Will the price of copper continue to rise?

As if that weren't enough, there was another strong inflationary impulse. Flooding hit the world's second-largest copper mine, Grasberg in Indonesia. According to mining company Freeport-McMoRan, which operates the mine, more than 800,000 tons of mud entered the mine. This must first be removed before mining can continue.

A partial resumption of mining is expected in the fourth quarter of 2025, but the mine is not expected to return to full capacity until the middle of next year.

Development of the copper price on the London Stock Exchange since the beginning of the year

The price of copper rose in response to this news, as this production loss will lead to increased demand from Freeport-McMoRan's customers, who will not receive their copper on time. In contrast, Freeport-McMoRan's share price fell, while the shares of its competitors rose.

Freeport-McMoRan share price performance since the beginning of the year

Copper is a strategic raw material that remains somewhat outside the main focus of investors. It is estimated that current copper reserves will last for around 40 years, which is significantly less than oil reserves, for example.

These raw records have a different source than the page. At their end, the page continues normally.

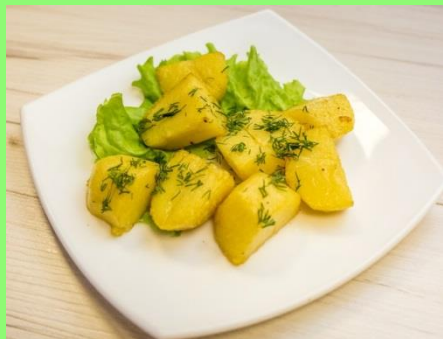
Картофель отварной с маслом и зеленью вес порции – 200 грамм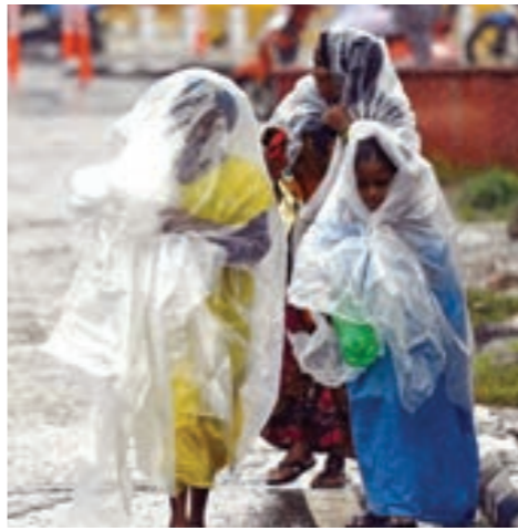
◉ عابرون يستخدمون الأغطية البلاستيكية

وأشهر معهد برشلونة تقريراً حول عدد الوفيات المرتبطة بموجات الحر الشديدة خلال العام 2022، وقال إن إسبانيا تجرب ثاني دولة في أوروبا من حيث الوفيات الناجمة عن ارتفاع درجات الحرارة، وأشار التقرير إلى أن الدولة التي توفى بها أكبر عدد من الأشخاص بسبب النوبات المتعلقة بدرجات الحرارة القصوى هي إيطاليا مع أكثر من 18 ألف شخص، تليها إسبانيا مع أكثر من 11 ألف شخص، مشيراً إلى أن صيف 2022 هو العام الأكثر سخونة على الإطلاق في القارة العجوز.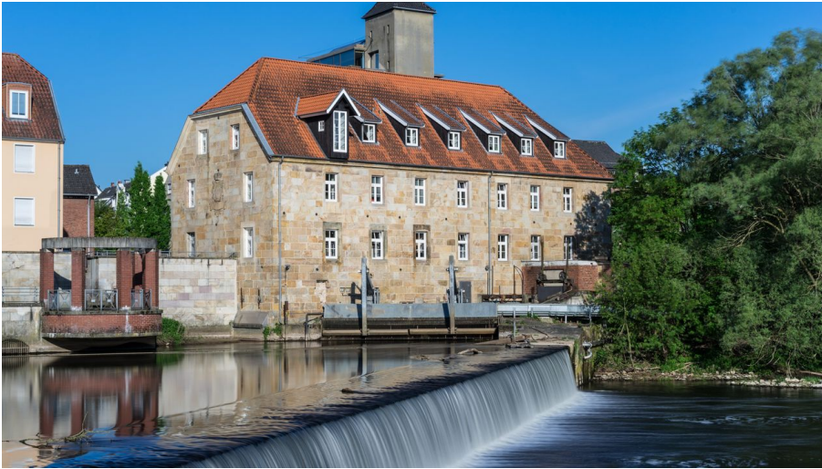
Rheine_Emswehr 2.jpg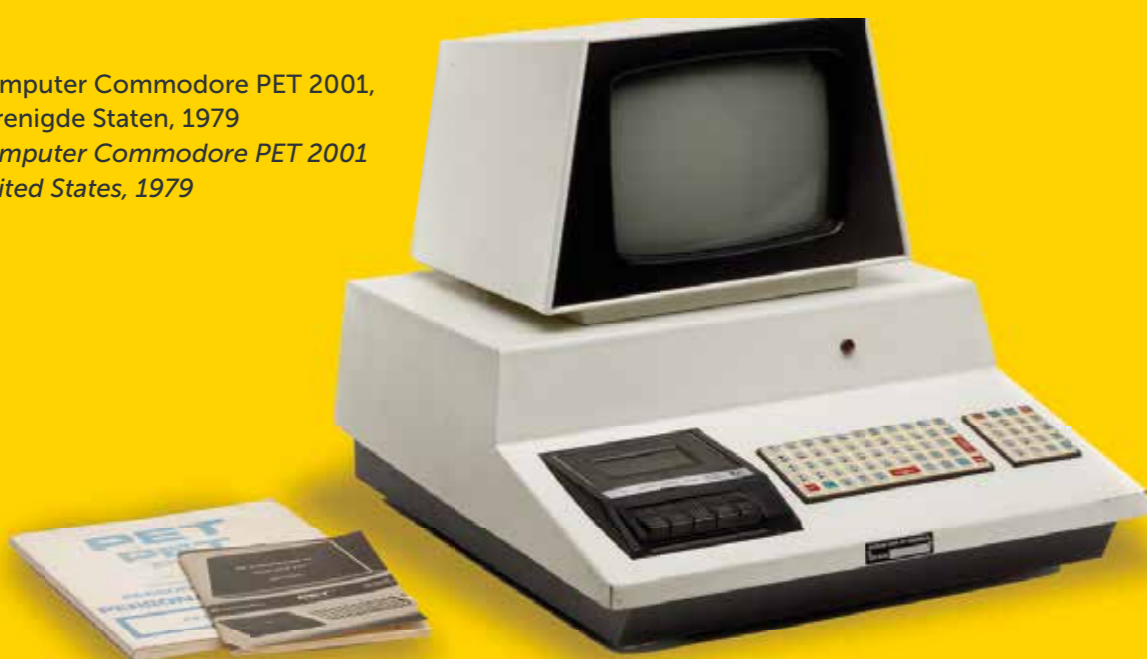
Computer Commodore PET 2001, Verenigde Staten, 1979 Computer Commodore PET 2001 United States, 1979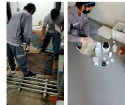
ภาพที่ 3 การเก็บตัวอย่างน้ำทิ้งของโครงการ

In addition, demand for this metal will rise sharply in the coming years, as it is needed in virtually all industries, especially in electromobility and renewable energy sources. In contrast, no such increase in demand is expected for oil in the coming decades.

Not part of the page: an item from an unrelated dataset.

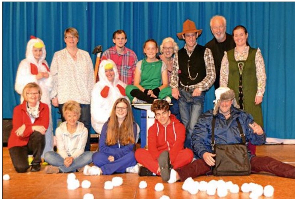
Noch sind Kostüme, Requisiten und Bühnenbild nicht vollzählig, das Ensemble des Laientheaters probt aber dennoch schon fleißig für die Aufführungen Ende November.

Von der Handlung wollen die Laienschauspieler aber noch nicht viel verraten. Nur, dass der alte Pettersson seinem Findus vom Weihnachtsmann erzählt hat, der daraufhin nur noch einen Wunsch hat: Der Weihnachtsmann soll auch zu ihm kommen. Klar, dass Pettersson alles dransetzt, um seinen Kater nicht zu enttäuschen. Was genau er plant und wie am Ende doch wieder alles anders kommt als gedacht, das kann man am letzten Novemberwochenende im Kurtheater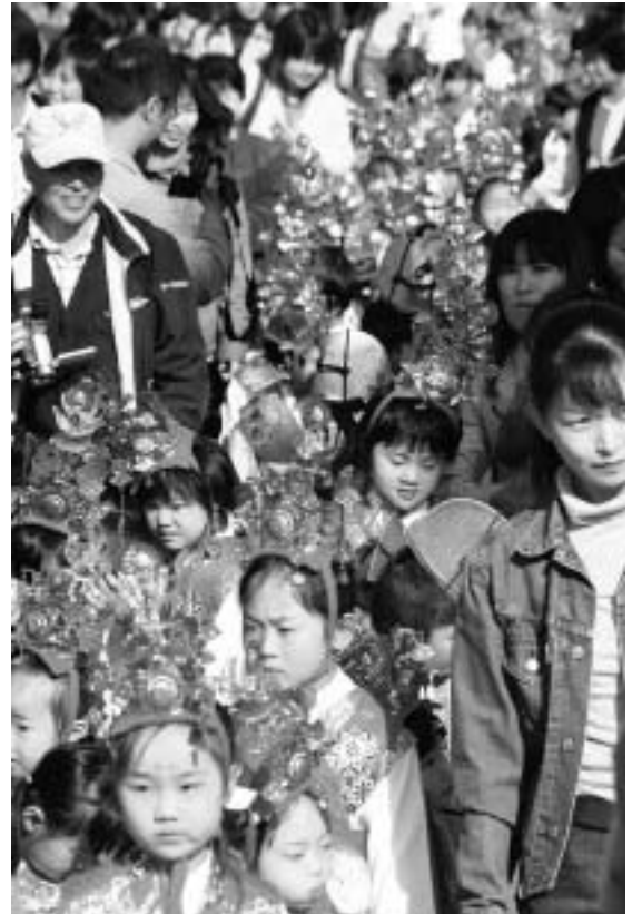
みんなキレイに可愛らしく稚児行列

Investing in copper can therefore be very sensible in the long term. However, there is a risk of a global economic recession. In the event of an economic slowdown, the price of copper would likely fall. For central banks, a rise in the price of copper due to a decline in supply is not good news, as this type of inflation would be very difficult to curb.

Will US labor market data unsettle Wall Street?

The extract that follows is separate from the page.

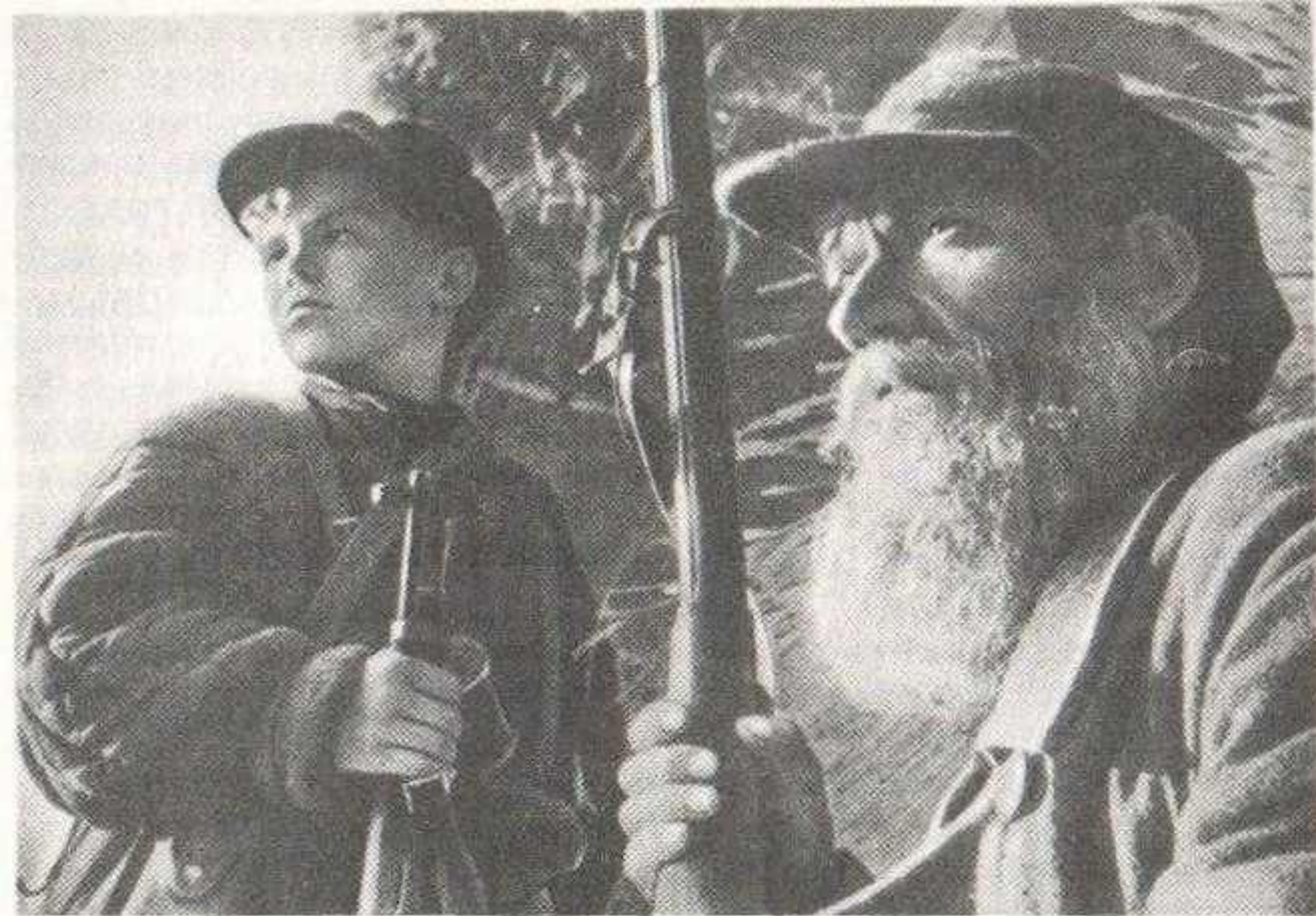
Партизанский дозор. Ленинградская область, 1943 г.

This week will be very turbulent on the markets as important data from the US labor market is expected. On Tuesday, the JOLTS figures will be published, i.e., the total number of job vacancies in the US. On Friday, the non-farm payrolls will be announced, i.e., the number of new jobs created in September.

The markets will be watching closely to see if, as usual, there will be a revision of the data from previous months. The situation on the labor market was the main reason why the Fed decided to cut interest rates.

If the US labor market continues to weaken, more and more investors may have to face the unpleasant truth. US GDP grew by 3.8 percent in the last quarter, which, according to economics textbooks, should lead to massive job creation.

However, the data suggests the opposite. One possible explanation for this is that artificial intelligence is beginning to disrupt the American labor market. If this hypothesis is correct, the question arises as to what the US Federal Reserve can do in such a case. Its options are very limited.